Michele Marsonet
Prorettore alle Relazioni Internazionali dell’Università di Genova, docente di Filosofia della scienza e Metodologia delle scienze umane
E’ noto che per produrre armi sofisticate come quelle in uso attualmente sono necessari minerali rari (o “terre rare”), presenti in natura in quantità limitate. Le nazioni che li possiedono sono quindi in posizione di vantaggio rispetto alle altre in caso di conflitti armati.
Gli Usa, tuttora il maggiore produttore mondiale delle suddette armi sofisticate, hanno tuttavia scoperto di essere in una posizione di debolezza in quanto all’estrazione dei minerali rari. E tale debolezza riguarda proprio il confronto della difesa Usa con quella della Repubblica Popolare Cinese e della Federazione Russa, guarda caso i due principali competitors degli Stati Uniti per il predominio mondiale.
Del resto la guerra in Ucraina ha dimostrato quanto gli armamenti avanzati siano necessari. E, infatti, il blocco delle forniture Usa e la scarsa consistenza di quelle europee ha causato la crisi dell’esercito di Kiev, con il sostanziale fallimento di una controffensiva sin troppo sbandierata.

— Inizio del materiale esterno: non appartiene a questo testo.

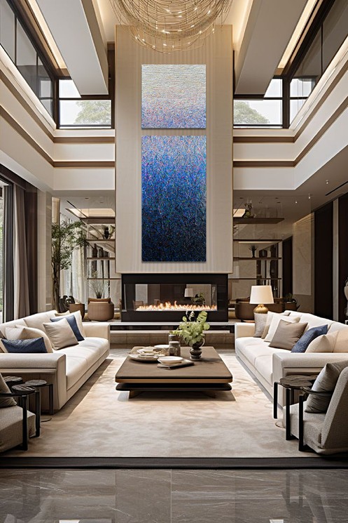 You can also place the two paintings from this diptych within the same space on different walls. This arrangement looks very harmonious — the works subtly echo one another, bringing a sense of balance and wholeness to the interior.
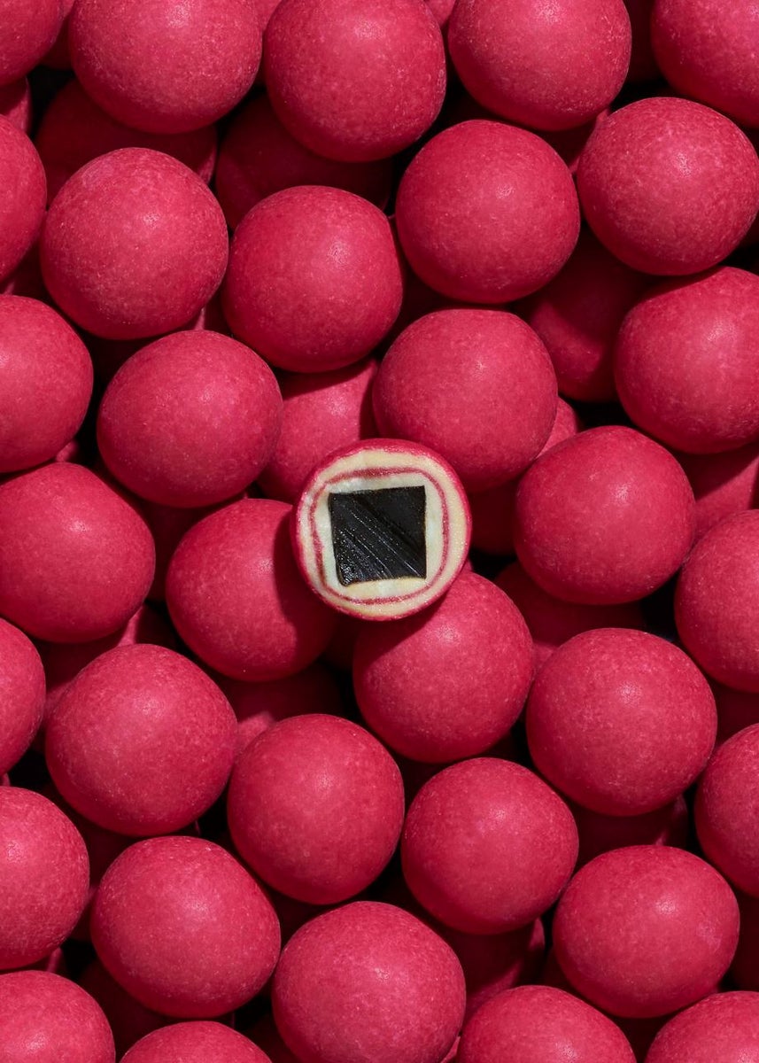 CRISPY RASPBERRY Flowback jossa kaksi herkullista palleroa. Maku vadelma jossa yhdistyy valkosuklaan makeus, raikas vadelma ja marjaisa mansikka. Jokainen lakritsipallo on peitetty valkosuklaalla ja vadelmahipuilla, ja viimeistelty rapealla punaisella sokerikuorella. Täydellisinen jaettavaksi, lahjaksi tai omaan nautiskeluun.
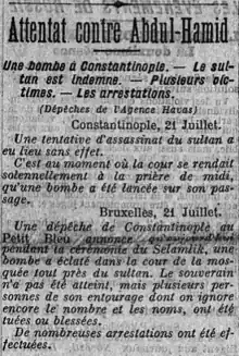 A failed assassination attempted on Sultan Abdul Hamid II by the Armenian Revolutionary Federation (ARF) at Yıldız Mosque took place on 21 July 1905 in the Ottoman capital Istanbul.[1] The Times described the incident as "one of the greatest and most sensational political conspiracies of modern times."[1]
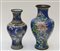 Due vasi in metallo cloisonné con decoro floreale su fondo turchese
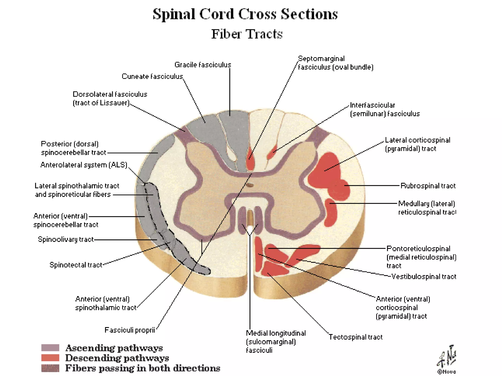 OBJECTIVES describe theexternal structure of the spinal cord, draw and describe the internal structure of the spinal cord, draw and describe the ascending and descending tracts within the spinal cord, describe the meninges surrounding the spinal cord, describe the blood supply of the spinal cord, explain the clinical correlations of & applications related to the spinal cord
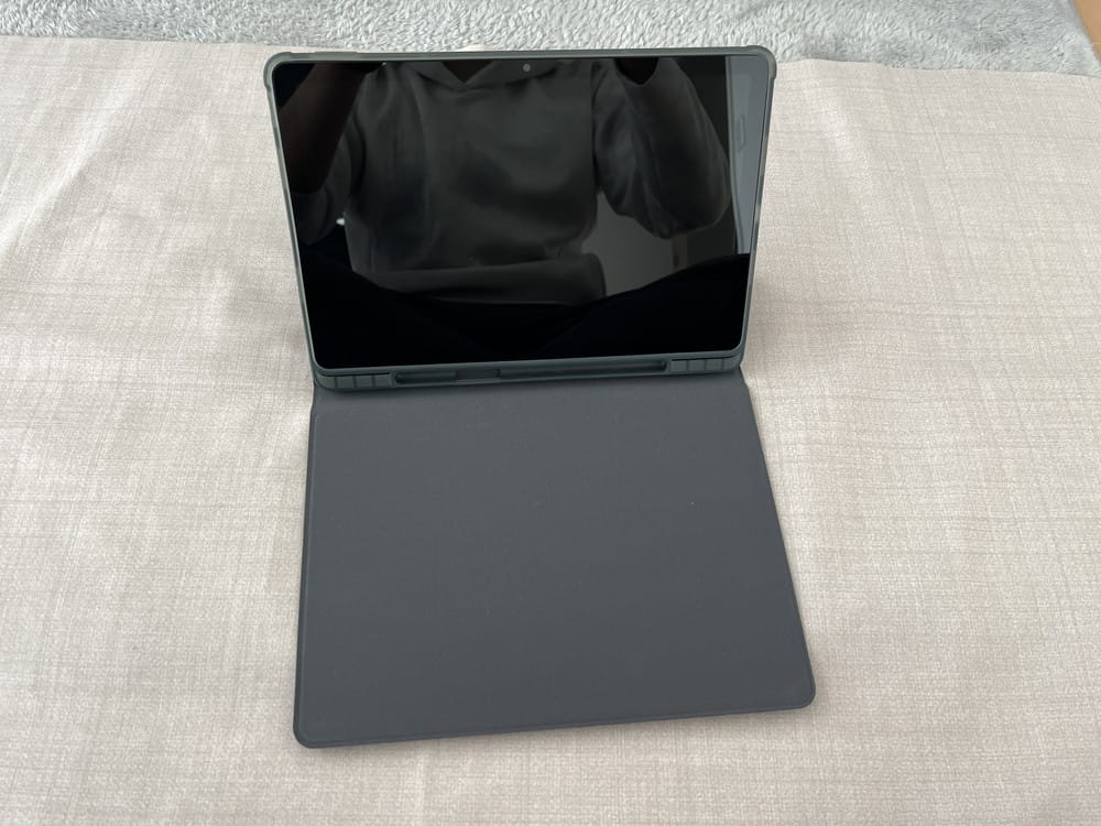 ケース背面のスタンドを立てることで、タブレットを立て掛けて設置することも可能だ。

La critica scarsità delle scorte strategiche di minerali rari e le implicazioni sulla difesa Usa
Il fatto è che le scorte strategiche Usa di minerali rari si sono fortemente assottigliate negli ultimi decenni. Ammontavano a 42 miliardi di dollari nel 1952, in piena Guerra Fredda, mentre ora si parla di soli 388 milioni di dollari. Questo fatto è stato notato con allarme dalla “House Armed Services Commission” di Washington, che ha altresì sottolineato le crescenti restrizioni cinesi all’esportazione dei minerali rari.
L’allarme riguarda soprattutto l’antimonio, un metalloide indispensabile nella produzione delle batterie, nonché in quella degli apparecchi di comunicazione, delle lenti dei visori notturni e dei puntatori laser. Durante la seconda guerra mondiale gli Stati Uniti disponevano di numeroose miniere. L’ultima delle quali, nell’Idaho, è stata chiusa nel 1997. Molto scarse le alternative in Occidente.
Per capirci, i dati indicano che la Cina produce 89000 tonnellate di antimonio, e la Russia 30000 tonnellate. Terzo produttore è il Tagikistan con 28000 tonnellate. Ma, in quanto Repubblica ex sovietica e confinante con la Cina, in questo Paese è ovviamente forte tanto l’influenza di Putin quanto quella di Xi Jinping, che possono esercitare pressioni per impedire l’esportazione del minerale in Occidente.
Il problema per la difesa Usa è che l’estrazione dei minerali rari è altamente inquinante, e la diffusione della coscienza ecologica nei Paesi occidentali blocca i governanti. Cosa che invece non accade in Russia e in Cina, dove il parere dell’opinione pubblica conta assai meno. Secondo fonti dell’esercito Usa, questa situazione pone l’America in una situazione di debolezza. Soprattutto se russi e cinesi adottassero una strategia comune e coordinata per frenare – o addirittura impedire – l’esportazione dell’antimonio e di altri minerali rari.